9 November 2018

Zimbabwe: RBZ Boss Blasts Ungrateful Zimbabweans - Says Making Sacrifices for Economy

Photo: The Herald
Reserve Bank of Zimbabwe Governor John Mangudya.

Reserve Bank of Zimbabwe (RBZ) governor John Mangudya says he is making sacrifices to keep the country's economy afloat and wants some gratitude from Zimbabweans for his heroics.

"Some of us have gone out of our way to get this economy running.
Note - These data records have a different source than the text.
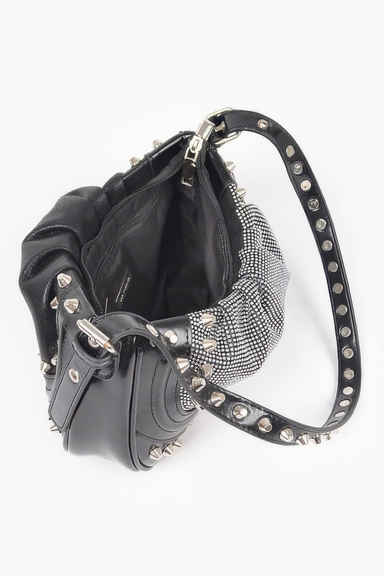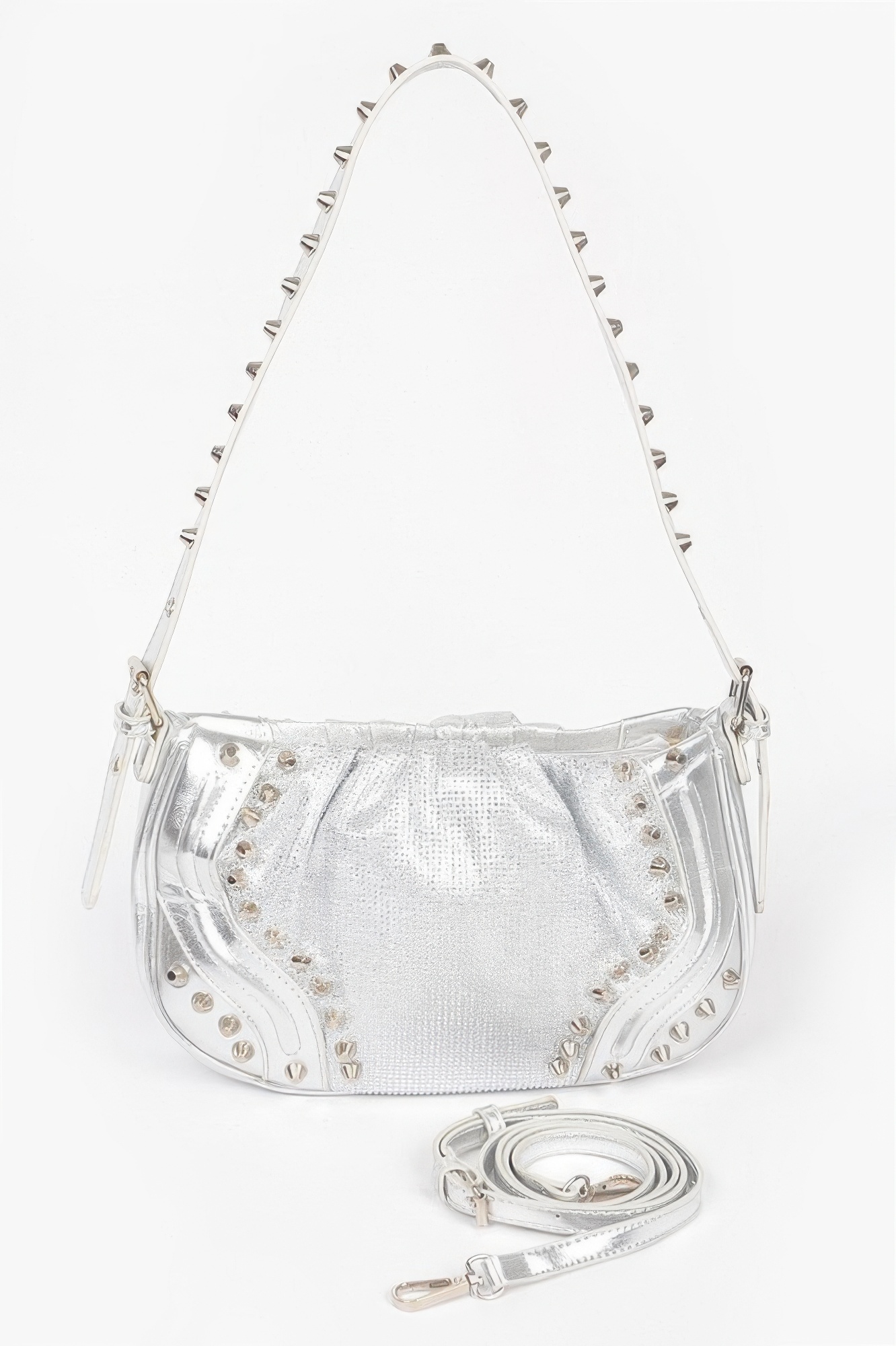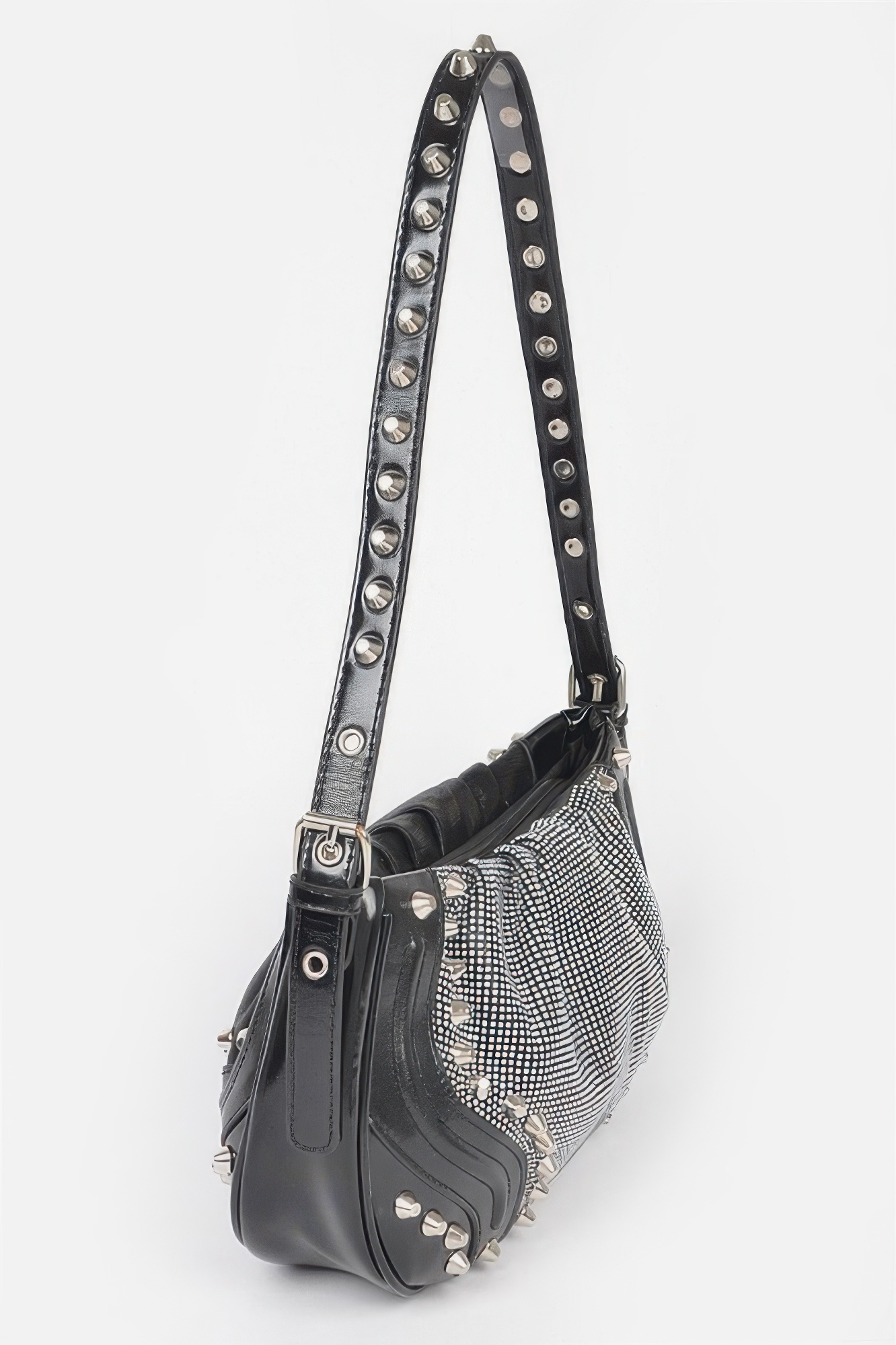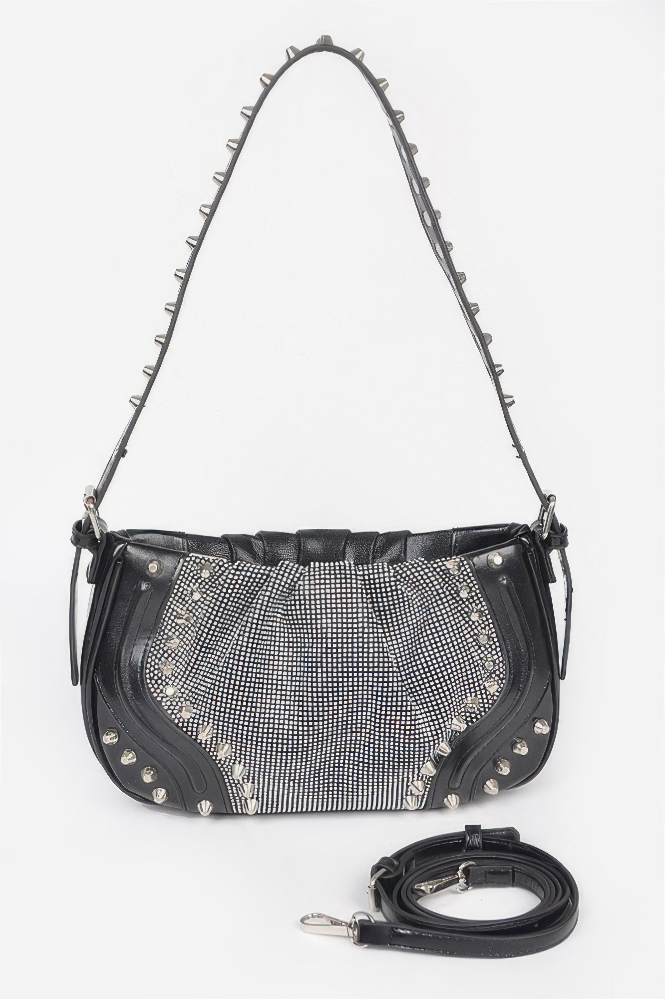 Hot Fix Stones Metal Stud Shoulder Bag delivers standout style with its compact silhouette and eye-catching finish. Designed to shimmer, this bag adds a glam touch to your evening or party look. Crafted from Polyurethane, Mixed Metal, the design ensures durability with a luxe finish. Measuring approximately 11.5 x 6 x 3 inches, it's perfectly sized for easy wear. Compact yet impactful, it's ideal for when you want to carry just the essentials in style. Pair it with anything from jeans to dresses to elevate your overall look.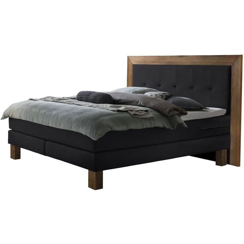 Boxspringbett mit PU-Schaum-Topper fest, Base-Top – Boxspringbett Rustico – Eiche – B 160 T 200 H 133 cm – Stellmass: 184 x 206cm, PU-Schaum-Topper, RG 35, 5cm hoch – Matratze: 800 Taschenfedern, Wattierung 100% PES; Topper: Bezug 100% PES, Füllung 100% Klimawatte; Box: 288 Bonellfedern
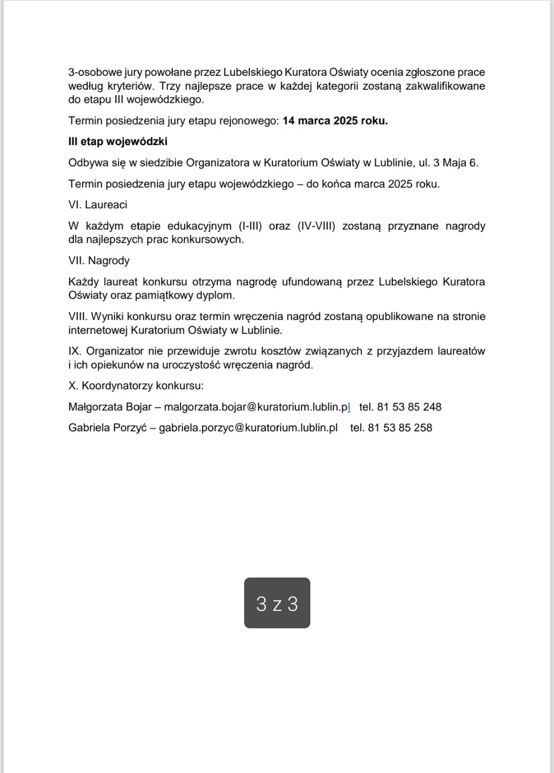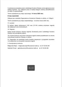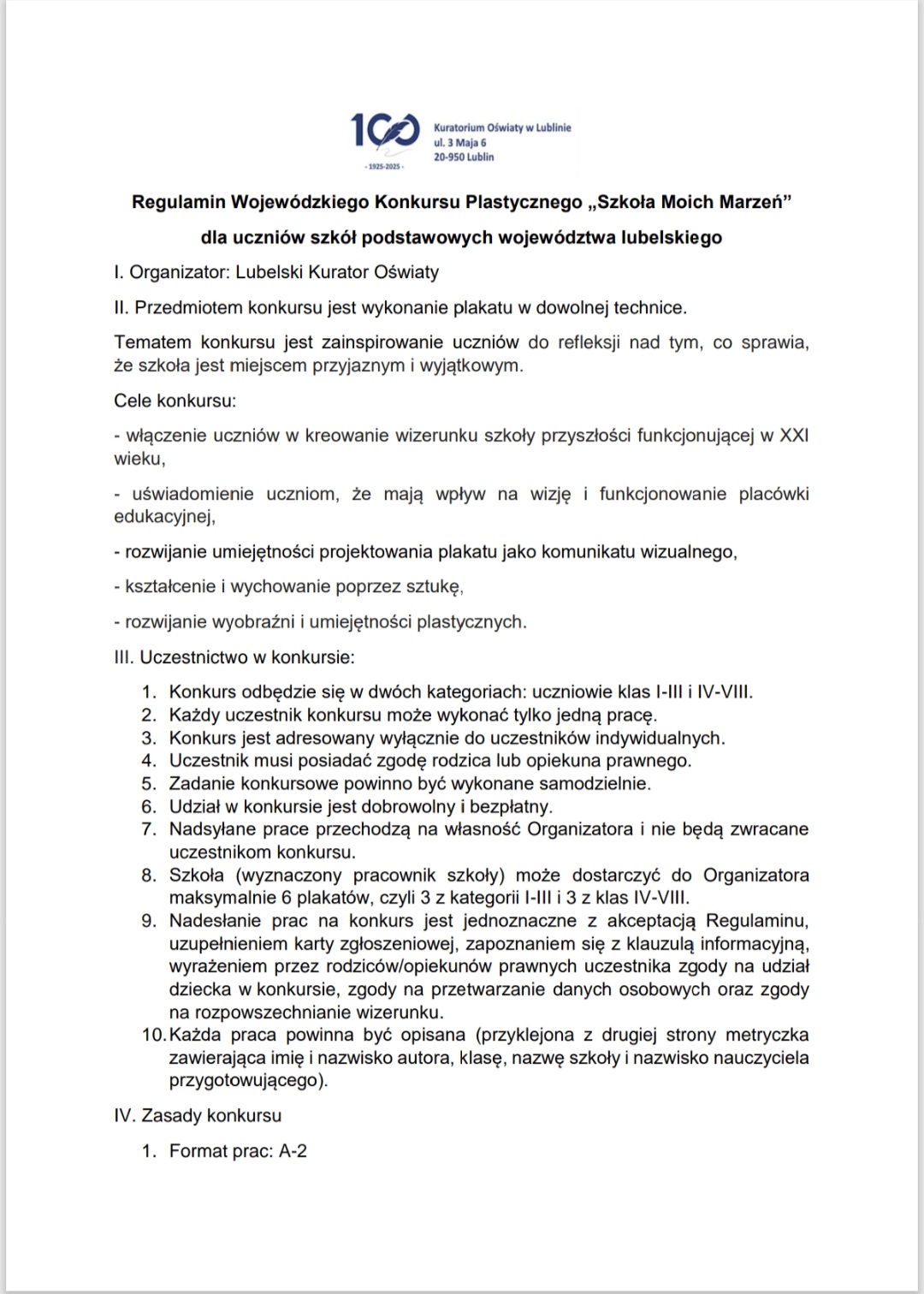 UWAGA! Zachęcamy do udziału w Wojewódzkim Konkursie Plastycznym "Szkoła Moich Marzeń" organizowanym przez Lubelskiego Kuratora Oświaty w Lublinie. Prace należy składać w sekretariacie szkoły do 07.03.2025 r.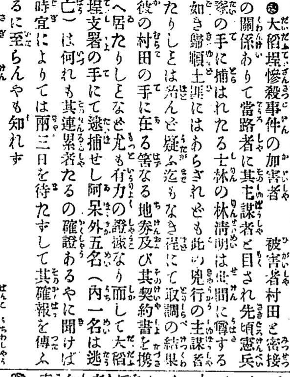 1908年2月8日,警方逮捕住在稻仔園坑(今新北市新店青潭一帶)的男子高斤,因其持有被殺的村田賢吉的物品──懷錶一枚與望遠鏡一個。高斤供稱他只是從犯,主謀是也住在稻仔園的苦力頭黃乾元。同月22日,由檢察官松井、法官川上等人開始審理此案。高斤遭判死刑。
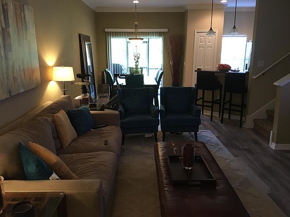 Welcome to RESORT STYLE LIVING. 11835 Castine St. is a 3 bedroom, 2.5 bathrooms, with a 1 car garage in the desirable gated community of Waters Edge. Upon entering your FRESHLY PAINTED new home, you will step onto the LUXURY VINYL PLANK FLOORING and your eyes drawn to the bright and openness of the first floor outlined with crown molding. In the kitchen, the bright recessed lighting spotlights the 42" Upper Spiced Maple cabinets, wine rack, tile backsplash, breakfast bar, and the kitchen is topped off with a pantry to store all of your kitchen needs. Finishing out the first floor you will notice a bright and airy screened-in lanai off of the dining room and a half bath next to the garage for easy access. As you proceed upstairs on the NEW CARPET you will first notice a built-in desk and laundry room equipped with a washer and dryer. In the master bedroom you can lay in bed and overlook the conversation area or relax in the large garden tub located in your en suite bathroom. Not to forget about your clothes, your large master closet is just waiting to be filled. Down the hall are the remaining two bedrooms and second full bathroom. Just steps from outside your door you can enjoy the luxury of two community pools, a gym, fishing pier and dock, playgrounds, a basketball court, and a 9,000 sq. ft. clubhouse. First month's rent & 1.5 month security will be due at lease signing. No smoking/criminal history/prior evictions/no pets. Call for your private showing!!

It is about time that the people of Zimbabwe are grateful for this sacrifice," the under-fire central bank chief told pre-budget seminar for parliamentarians in Bulawayo on Thursday.

He had been subjected to a barrage of hectoring by the MPs over the state of the country's economy and apparent ineffectiveness of his monetary policy interventions.

Mangudya took over as RBZ boss in 2014, replacing Gideon Gono who is remembered for printing trillion-dollar bills as the country shocked the world with staggering inflation levels which reached 79,600,000,000% per month by November 2008.

Zimbabwe subsequently abandoned its worthless currency in 2009, opting to use instead more stable foreign money with the US dollar the more preferred medium of exchange.

Mangudya however, introduced a surrogate Bond currency in 2014, followed by notes in 2016, vowing to resign if the scheme failed to succeed in ending cash shortages and improving foreign currency inflows.

But the RBZ chief has stayed put even as many reckon the Bond Note has spectacularly failed.

Again, Zimbabweans struggling to survive over the past two decades have seen little respite from economic hardship since Mangudya took office.

Presidential spokesman George Charamba

Speculation that he might be ousted by President Emmerson Mnangagwa ended after presidential spokesman George Charamba indicated that the RBZ chief was actually set to have a second five-year-term confirmed.

And apparently buoyed by that show of confidence by the highest office in the land, Manduya defended his Bond Notes Thursday and rejected blame for the country's economic ruin.

"Bond notes are not the issue; the issue is the money in circulation," he said.

The problem, according to Mangudya, was the US$10 billion in RTBS bank balances which are not backed by any real money.

The electronic balances, he added, were not created by the RBZ.

"In that amount (US$10bln), only 4,5 percent are coins and notes, which is your bond notes and coins," he said.

"Therefore, if we remove them, they won't resolve the problem. The problem is about the 95,5 percent held as RTGS balances in your accounts. Where is it coming from?"

Fiscal deficits (government spending) was also a major challenge, he added.

The country could also not expect to generate foreign currency when there was no export productivity.

Said the RBZ boss; "What are you producing Zimbabweans?

"If you are producing nothing you can't have a higher currency, which is very strong.

"Therefore, the challenge that you are facing of foreign currency shortages is because we are not working, and we must start working very hard."

Asked by MPs why the apex bank insisted on 1:1 exchange rate between the Bond Note and the US$ when the surrogate currency was collapsing in value on the black market, Mangudya pointed to critical imports.

"The reason why we have got 1:1 is because there are essential products that we need to import in this economy to have price stability. Our fuel, which is coming here, and people are buying it using RTGS, EcoCash whatever it is at 1:1. Your electricity today is imported at 1:1."